** Opening Given records block **

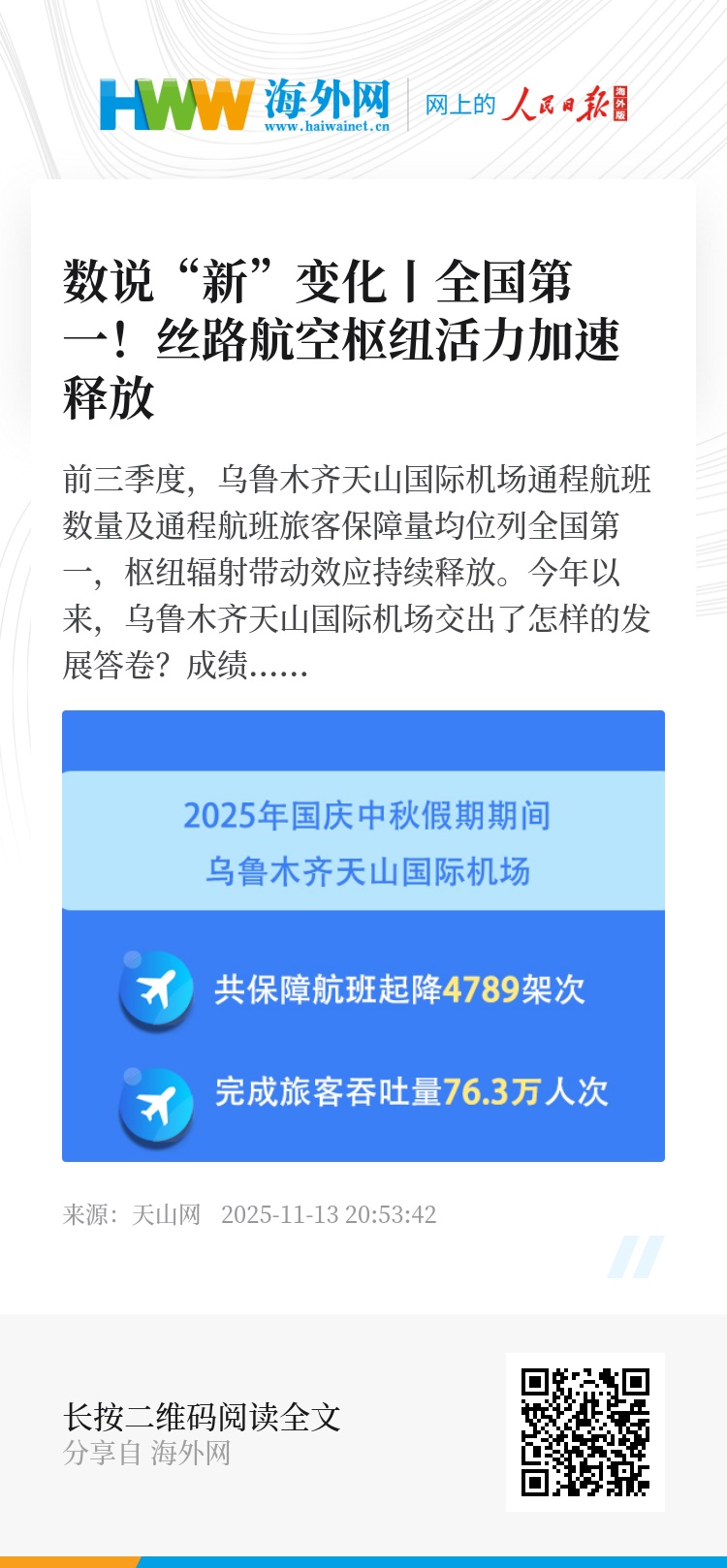 前三季度,乌鲁木齐天山国际机场通程航班数量及通程航班旅客保障量均位列全国第一,枢纽辐射带动效应持续释放。今年以来,乌鲁木齐天山国际机场交出了怎样的发展答卷?成绩是如何取得的?今天的《数说“新”变化》一起来看看。
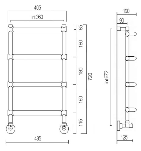 Водяной полотенцесушитель Margaroli 4323704CRN. Имеет выпуклую форму. Расстояние от стены: 190 мм. Диаметр латунной трубы - 25 мм. Подключение - 1/2 внешняя резьба. Максимально рабочее давление 15 атм. Расстояние между центрами отверстий крепления к стене - 360 мм
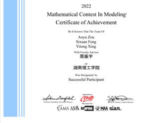 2022年5月6日,2022年美国大学生数学建模竞赛结果公布,湖南理工学院中国成人免费毛片获美赛一等奖一项,二等奖一项,三等奖一项,本次获奖刷新了我院在该竞赛中取得的最高荣誉。
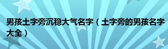 男孩土字旁沉稳大气名字(土字旁的男孩名字大全)
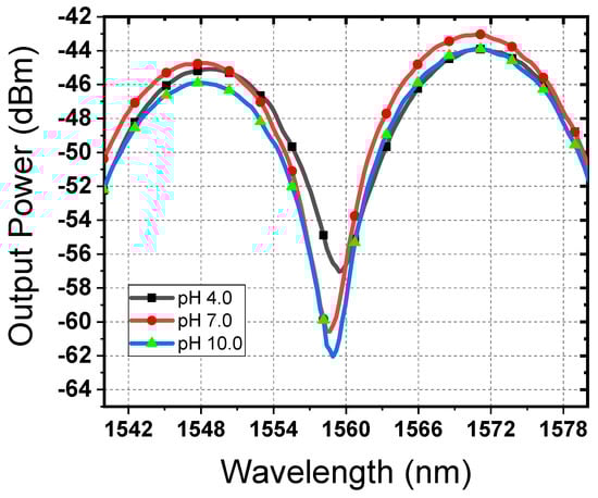 Figure 7 shows the bottom line fringe at 1559 nm, which was selected to observe the variations in the spectrum of different pH values. The spectrum of the sensor depends directly on the interaction between the core and cladding modes with the dissolved liquids surrounding it. The change in fringes is caused by the interaction of the fundamental and higher-order modes along the uniform waist, where they converge and change abruptly downwards and upwards. The spectral change between these modes will depend on the phase shift between their different effective refractive indices, mainly on the degree of interaction between the cladding mode and the refractive index of the surrounding solution.
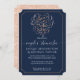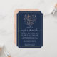 "Convite para Chá de Rosa Dourado de Letra Glitter Script Love Casal."  O fundo azul marinho profundo dispara o script de caligrafia, que foi escrito por Audrey Jeanne, e então criado em um texto reluzente de ouro rosa, rodeado por pinceladas rosas de espiral rosa em forma de coração.  O reverso é um olhar rosa de ouro brilhante.   Todo trabalho de arte foi criado por uma artista e designer internacionalmente licenciada, Audrey Jeanne Roberts, copyright.
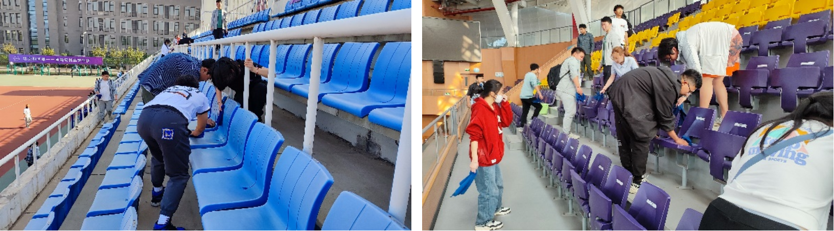 为全面贯彻全国教育大会精神,落实学校劳动教育安排,博雅德州扑克官网 组建“齐享设施”小分队,对大兴校区室外西操场及室内综合体育馆看台的固定座椅进行擦拭清洁,在美化校园的同时促进学生成长。
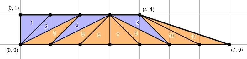 Megoldás. Mivel a felbontásban szerepelő háromszögek minden csúcsának \(\displaystyle y\) koordinátája 0 vagy 1, ezért a háromszögek kétfélék lehetnek:
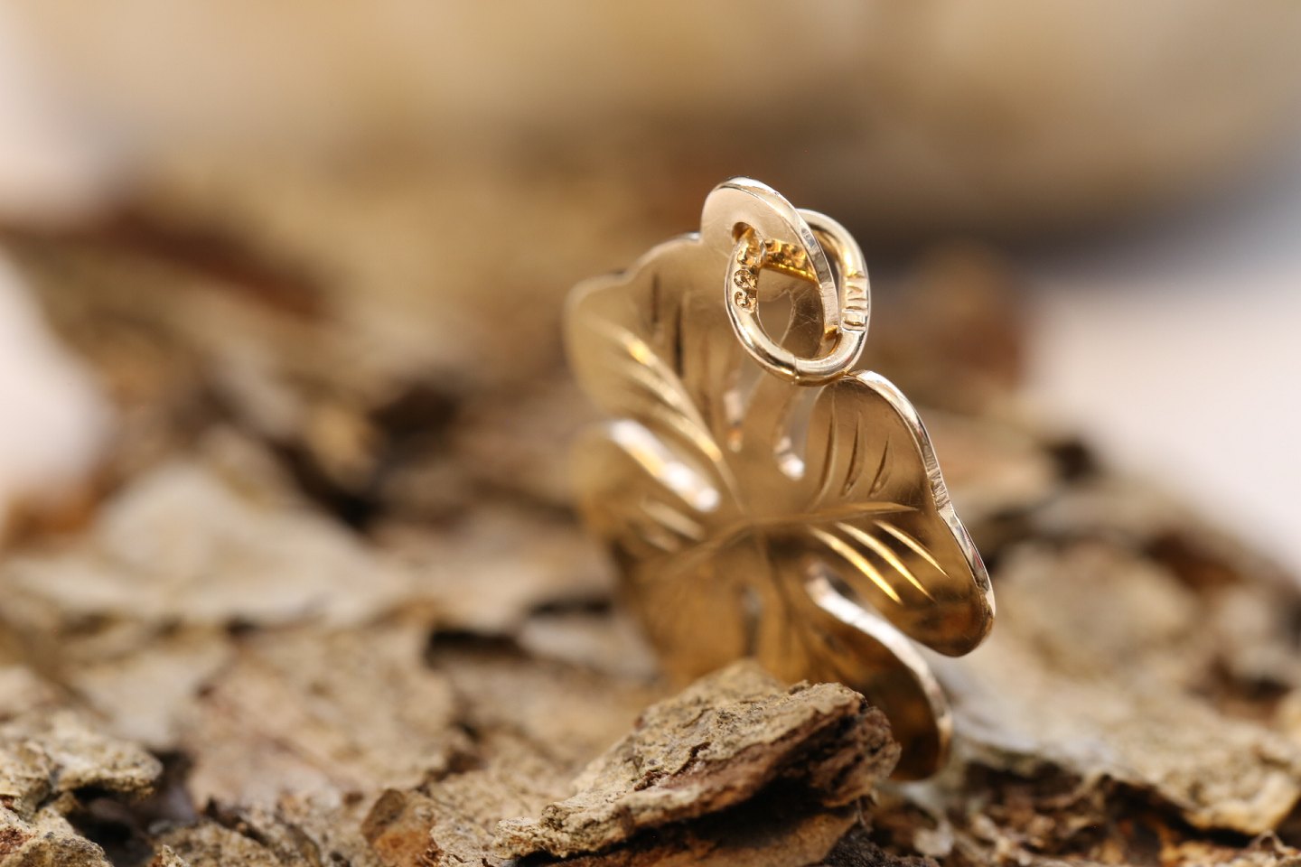 Pendant/charm shaped like four-leaf clover in 14 carat gold. Fine details and nice look.
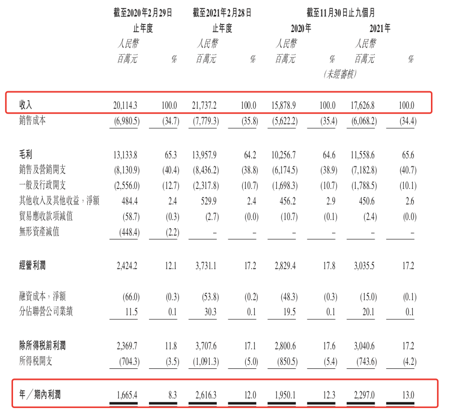 從結(jié)果來看,百麗2019財(cái)年、2020財(cái)年和2021財(cái)年前九個(gè)月的營業(yè)收入分別為201.14億元、217.37億元和176.27億元。凈利潤分別為16.65億元、26.16億元和22.97億元。目前百麗在女鞋品牌領(lǐng)域的市場占有率為11.2%,仍然是時(shí)尚鞋履市場第一。
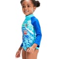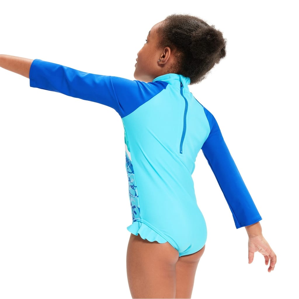 Your little athlete will love splashing about in the swimming pool with this Speedo Long Sleeve Frill Swimsuit. Crafted using Endurance10 fabric enhanced with CREORA® HighClo™ this swimsuit boasts a retchy, shape-retaining feel that is soft, sustainable and chlorine-resistant. The long sleeves, chest, and back coverage ensure that your little adventurer is shielded from the sun's rays with UPF40+ protection, letting the fun last all day without worry, although always remember sunscreen for those beach days! Its ingenious design includes a zip-up back for effortless changing, making transitions from water to land a breeze. Designed in vibrant colours,with a fun pool scene, this swimsuit features frills around the waist. -
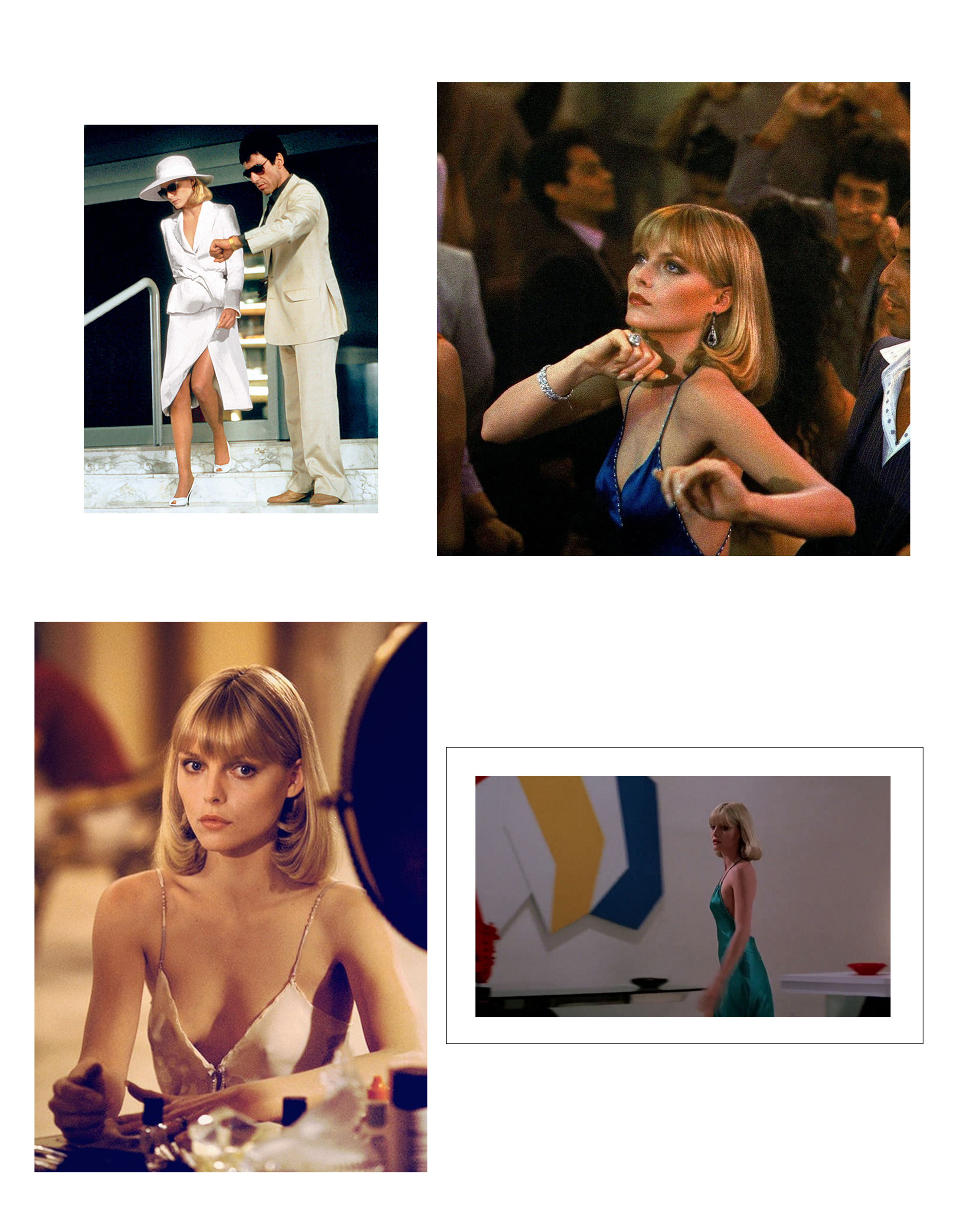 Одержимый желанием безраздельной власти и обладания всем, что принадлежит американским боссам, Тони уводит надменную красавицу и создаёт для неё свою золотую клетку. И если поначалу Эльвира еще появлялась в вещах вроде приглушенно-розового открытого платья или белоснежного костюма с широкополой шляпой для скачек, то в сценах совместной жизни с Тони её наряды становились всё более приближенными к образцам героинового шика 20-х.

** Closing Given records block **

◆ Problem details:
The records above should be written out in full and unchanged, except that pictures are dropped.

◆ Response to this exercise:
 前三季度,乌鲁木齐天山国际机场通程航班数量及通程航班旅客保障量均位列全国第一,枢纽辐射带动效应持续释放。今年以来,乌鲁木齐天山国际机场交出了怎样的发展答卷?成绩是如何取得的?今天的《数说“新”变化》一起来看看。
 Водяной полотенцесушитель Margaroli 4323704CRN. Имеет выпуклую форму. Расстояние от стены: 190 мм. Диаметр латунной трубы - 25 мм. Подключение - 1/2 внешняя резьба. Максимально рабочее давление 15 атм. Расстояние между центрами отверстий крепления к стене - 360 мм
 2022年5月6日,2022年美国大学生数学建模竞赛结果公布,湖南理工学院中国成人免费毛片获美赛一等奖一项,二等奖一项,三等奖一项,本次获奖刷新了我院在该竞赛中取得的最高荣誉。
 男孩土字旁沉稳大气名字(土字旁的男孩名字大全)
 Figure 7 shows the bottom line fringe at 1559 nm, which was selected to observe the variations in the spectrum of different pH values. The spectrum of the sensor depends directly on the interaction between the core and cladding modes with the dissolved liquids surrounding it. The change in fringes is caused by the interaction of the fundamental and higher-order modes along the uniform waist, where they converge and change abruptly downwards and upwards. The spectral change between these modes will depend on the phase shift between their different effective refractive indices, mainly on the degree of interaction between the cladding mode and the refractive index of the surrounding solution.
 "Convite para Chá de Rosa Dourado de Letra Glitter Script Love Casal."  O fundo azul marinho profundo dispara o script de caligrafia, que foi escrito por Audrey Jeanne, e então criado em um texto reluzente de ouro rosa, rodeado por pinceladas rosas de espiral rosa em forma de coração.  O reverso é um olhar rosa de ouro brilhante.   Todo trabalho de arte foi criado por uma artista e designer internacionalmente licenciada, Audrey Jeanne Roberts, copyright.
 为全面贯彻全国教育大会精神,落实学校劳动教育安排,博雅德州扑克官网 组建“齐享设施”小分队,对大兴校区室外西操场及室内综合体育馆看台的固定座椅进行擦拭清洁,在美化校园的同时促进学生成长。
 Megoldás. Mivel a felbontásban szerepelő háromszögek minden csúcsának \(\displaystyle y\) koordinátája 0 vagy 1, ezért a háromszögek kétfélék lehetnek:
 Pendant/charm shaped like four-leaf clover in 14 carat gold. Fine details and nice look.
 從結(jié)果來看,百麗2019財(cái)年、2020財(cái)年和2021財(cái)年前九個(gè)月的營業(yè)收入分別為201.14億元、217.37億元和176.27億元。凈利潤分別為16.65億元、26.16億元和22.97億元。目前百麗在女鞋品牌領(lǐng)域的市場占有率為11.2%,仍然是時(shí)尚鞋履市場第一。
 Your little athlete will love splashing about in the swimming pool with this Speedo Long Sleeve Frill Swimsuit. Crafted using Endurance10 fabric enhanced with CREORA® HighClo™ this swimsuit boasts a retchy, shape-retaining feel that is soft, sustainable and chlorine-resistant. The long sleeves, chest, and back coverage ensure that your little adventurer is shielded from the sun's rays with UPF40+ protection, letting the fun last all day without worry, although always remember sunscreen for those beach days! Its ingenious design includes a zip-up back for effortless changing, making transitions from water to land a breeze. Designed in vibrant colours,with a fun pool scene, this swimsuit features frills around the waist. -
 Одержимый желанием безраздельной власти и обладания всем, что принадлежит американским боссам, Тони уводит надменную красавицу и создаёт для неё свою золотую клетку. И если поначалу Эльвира еще появлялась в вещах вроде приглушенно-розового открытого платья или белоснежного костюма с широкополой шляпой для скачек, то в сценах совместной жизни с Тони её наряды становились всё более приближенными к образцам героинового шика 20-х.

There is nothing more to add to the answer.